To do: Leaving out every picture, please repeat exactly the line that contains "Serene monk meditating, looking" and each line after it through the final line below.

Information supplied:
________________________________________
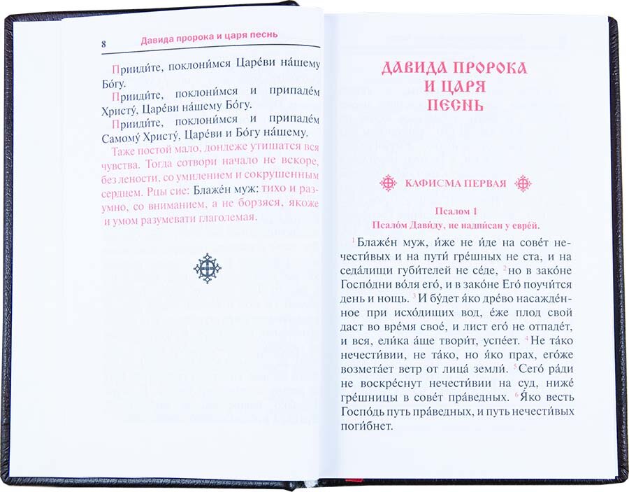 Предлагаем приобрести Псалтирь издательства «Скрижаль», удобную для домашнего использования. Книга имеет средний формат, твердую обложку. Текст набран русским шрифтом в два цвета. Издание содержит чин заупокойной литии для самостоятельного чтения мирянами дома и на кладбище, канон на разлучение души от тела, а также указания святого Арсения Каппадокийского о чтении псалмов в различных нуждах и церковные предписания о чтении Псалтири. Книга будет полезна каждому христианину, ведь, по мнению святых отцов, ежедневное молитвенное обращение ко Господу словами псалмов возвышает душу и умягчает сердце.
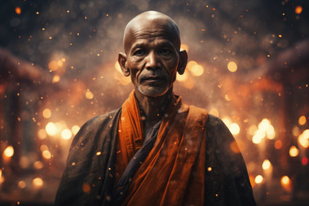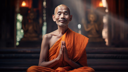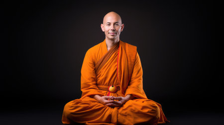 Serene monk meditating, looking at camera, low key generated by artificial intelligence
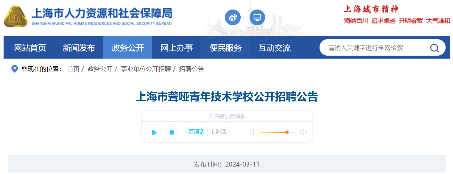 2024上海市聾啞青年技術(shù)學(xué)校公開招聘公告已發(fā)布,報(bào)名時(shí)間:即日起至2024年4月30日?,F(xiàn)將招聘公告原文發(fā)布如下:
________________________________________
Problem solution:
 Serene monk meditating, looking at camera, low key generated by artificial intelligence
 2024上海市聾啞青年技術(shù)學(xué)校公開招聘公告已發(fā)布,報(bào)名時(shí)間:即日起至2024年4月30日?,F(xiàn)將招聘公告原文發(fā)布如下:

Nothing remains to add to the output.